Sheetz, one of the fastest-growing, family-owned convenience stores in the world, operates more than 470 locations across six states in the Mid-Atlantic region and employs 15,000 people. After outgrowing its legacy warehouse management system (WMS), the company implemented a configurable WMS capable of flexible growth.
The company has a single campus with two shipping facilities: a distribution center that handles the company’s full product line and a commissary in which fresh goods are baked and prepared. Products from the DC are shipped out three times per week, while items from the commissary leave seven days per week.
The company had outgrown its legacy WMS, which was no longer supported by its supplier. The company implemented a smaller WMS, but the resulting operational performance fell short. Ideally, the new system would use existing hardware, require minimal training for the 200 DC employees and serve shipping, warehousing and manufacturing needs. Sheetz worked with a supply chain and logistics consulting firm (St. Onge, stonge.com) to help with the search process.
After a search and selection process that included a trial period in which finalists processed real data from the company, Sheetz chose a WMS (HighJump, highjump.com) that provides a directed, optimized workflow for receiving, put-away/flow-through, inventory management, replenishment and more. Built on an open architecture, the solution is highly adaptable.
“We based our choice on its ability to configure to our needs and react to our changing processes. This was very important to us,” says Eric Foose, software services manager. “This was the only solution that actually showed us how we could do it ourselves.

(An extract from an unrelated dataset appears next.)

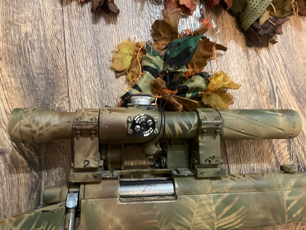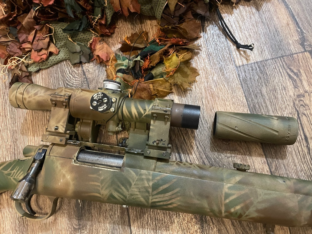 Jedinečný kus v super upgradu. Hlaveň PDI 6,05 Originální PSO optika upravena na RIS listu na zakázku udělaná montáž Na zakázku dělaný kill flash s krycím sklem Vodici trn od Carlose Píst od Carlose Natahovací páka od Carlose Tlumič od Carlose (1.serie) VSR10 Hop up Chamber Náhradní díly: HopUp gumička VSR-10 červená Vodící kroužky válce pro VSR-10 / T10 3x zásobník 3x pružina (na jedné dává zbraň 1,9 J, na druhé 2,64 J, na třetí 3,2 J) Airsoftpro píst + trn Přidám maskování na hlavu/ ramena homemade Dohodě o ceně, popr, prodeji zbraně bez optiky se nebráním.

Our IT team couldn’t believe it.”
The team configured the system to reflect aspects of the previous WMS, saving significant training time and cost. Foose notes improved efficiency and accuracy, including an increase in pick rates, a more streamlined process to return excess ingredients to inventory and fewer steps in the production receiving process. The company now has an improved process for end-of-day inventory adjustments, the ability to assign ingredients to a specific day production batch, and improved visibility into transaction history.
Sheetz is constructing a campus in Burlington, N.C., that will include a DC and commissary to serve area stores in 2014. The company is planning to configure the new location as part of its existing centralized WMS deployment and will be executing the rollout with its own in-house team.